Districts would need 1 aide per 350 students

SHARE School counselor rule is near finalization

Despite budget worries from superintendents, a rule requiring schools to provide more guidance counselors is headed for finalization in January.

If approved by the Utah State Board of Education, school districts will need to have one counselor for every 350 junior high and high school students.

Currently some schools have a counselor-to-student ratio of 1-to-600.

"We know for a fact the kids are not getting the counseling they need," said board member Dixie Allen.

The proposal also states counselors shouldn't be doing clerical work such as administering tests or changing class schedules.

If approved at the board's Jan. 8 meeting, the requirement will be implemented for the 2009-10 school year.

School district superintendents statewide like the idea of having more school counselors but question how to pay for such a mandate in tough budget times. Further, they take issue with the state board meddling with how districts spend their money.

"Place the rule on the shelf for better times and allow local districts to work with their patrons to determine where valued tax dollars should be spent," said Steve Peterson, executive director of the Utah School Superintendents Association.

Superintendents unanimously passed a motion against the board's proposal at a recent association meeting.

Weber School District Superintendent Michael Jacobsen said making a decision right now would "defy logic and common sense."

School counselors in Utah earn an average $60,455 a year, including benefits.

State board members say if they always waited for money to be available for education, nothing would ever happen. "If it's the right thing to do, there is no right time to do it except right now," Allen said.

Outgoing board member Teresa Theurer said the board understands and has addressed the superintendents' concerns. School districts that believe they can't afford the mandate will be required to submit a plan describing how they are working toward a counselor-student ratio of 1-to-350.

"We don't expect big changes this year," Theurer said. "We understand the economic times right now. But we look forward to seeing change as conditions improve."

Provo School District Superintendent Randy Merrill says it's an issue of local governance.

The district has used survey to determine patrons' education preferences. "While guidance counseling is important, it was not a priority suggested by our focus groups," Merrill said.

As a former principal, he said, he supports the goals of guidance counseling. "However, as a superintendent, I am now planning for the realities of unmatched economic turbulence," he said, noting it would cost the district $150,000 to meet the proposed rule.

Jacobsen agrees with Merrill in it being a local issue. "A local board, not the state board, is the proper entity to determine how district funds are spent," Jacobsen said. "This proposal improperly usurps the authority of local boards to do what is best for their communities."

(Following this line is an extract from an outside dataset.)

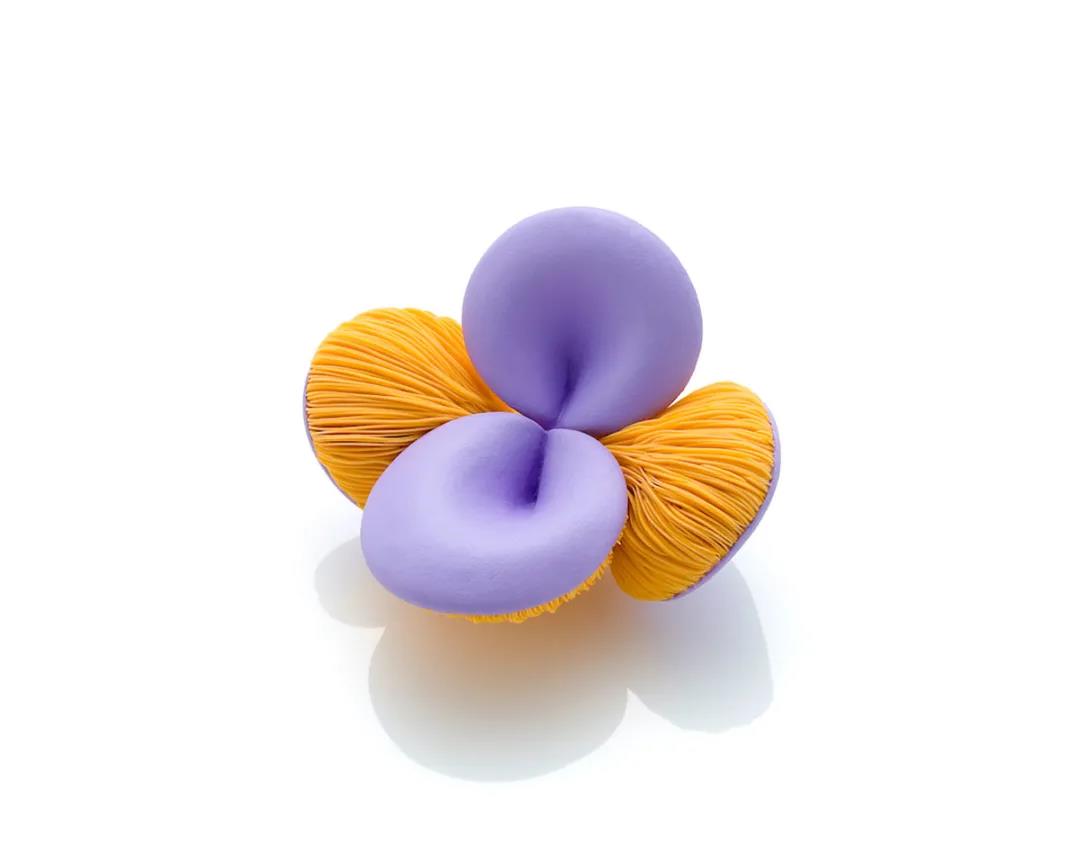 “我先是對蘑菇這一生物產生了好奇,我對蘑菇傘蓋之下相互交織的奇異美妙的形態著迷。生長在狹小空間的蘑菇啟發了我創作以“增殖形象”為主題的珠寶。隨著我了解蘑菇在自然界中的生長和作用,我對它們也越來越感興趣。我們離真菌如此之近,以至于我們甚至都沒有注意到它們。菌絲體,也可以看作是蘑菇的根,在我們腳下的地面上蔓延出難以想象的范圍。蘑菇,仍然是具有許多科學未解奧秘的實體,它在我的工作中占有重要地位,自從我成為首飾藝術家以來,我便一直被蘑菇的特征影響并因此創作一系列的作品。”

State board member Kim Burningham said he has some "serious reservations and concerns" of the pressure being put on superintendents during this financial crunch. However, he said he feels the issue is important and the bill has been modified considerably from the original. "It now says, 'Work toward this goal."'

"It's really best for kids in the long run," he said.

Iron County School District Superintendent Jim Johnson said, "The question during our downturn of the economy is, 'How does it compare to other programs that also need support?' It is not top on our priority list right now. ... We are looking at direct classroom support first."

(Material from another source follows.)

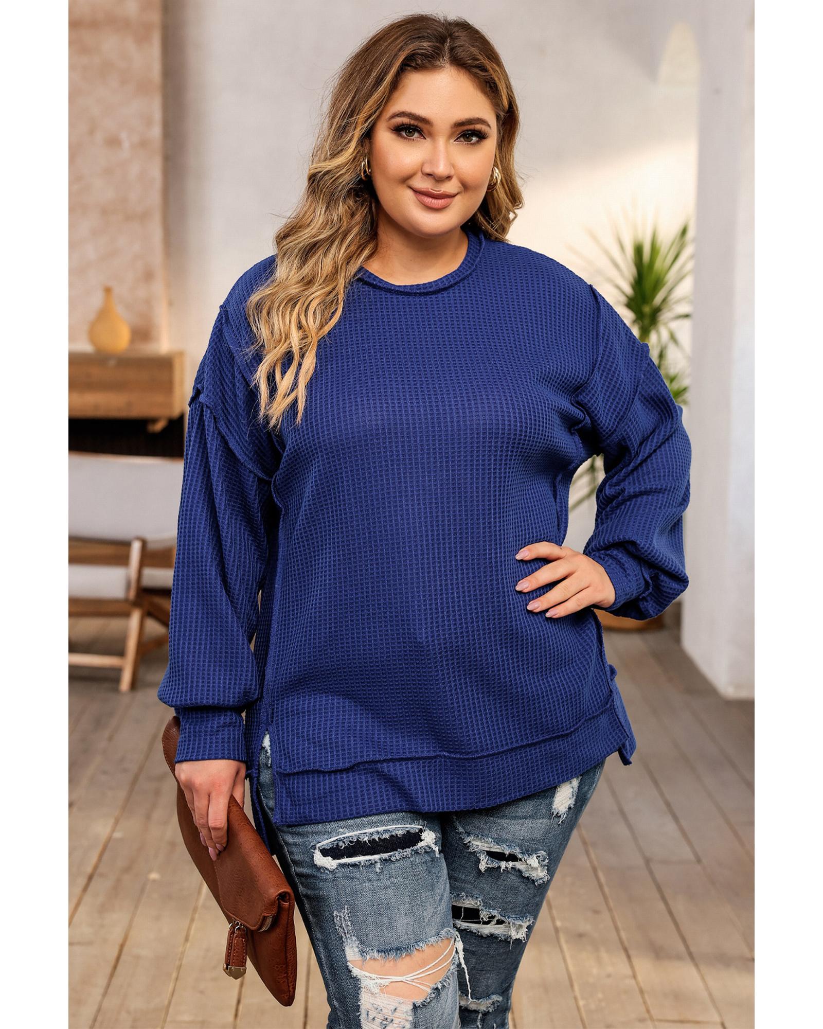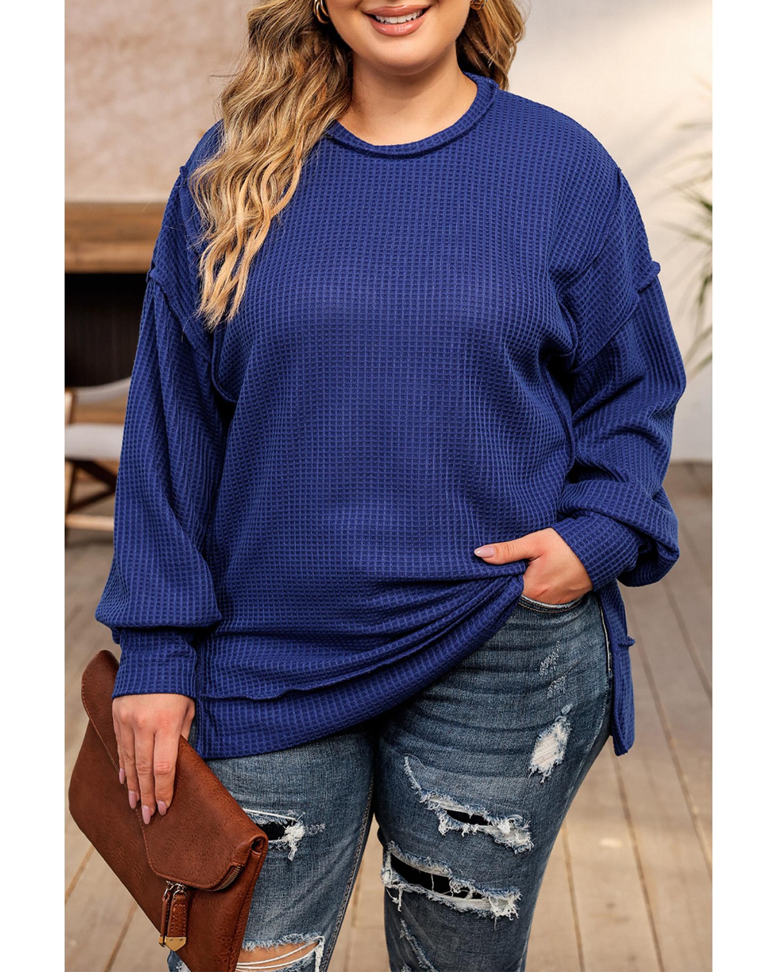 - Blue Plus Size Waffle Knit Oversized Exposed Seam Top

Eighty percent of the districts are within one or two positions of meeting the 1-to-350 ratio, said Dawn Kay-Stevenson, coordinator for student services and comprehensive guidance, career and technical education for the Utah State Office of Education.

A total of 19 districts meet the standard, she said.

"And we have a commitment from Wasatch School District, even in this hard economic time, to meet that ratio in this next year," she said.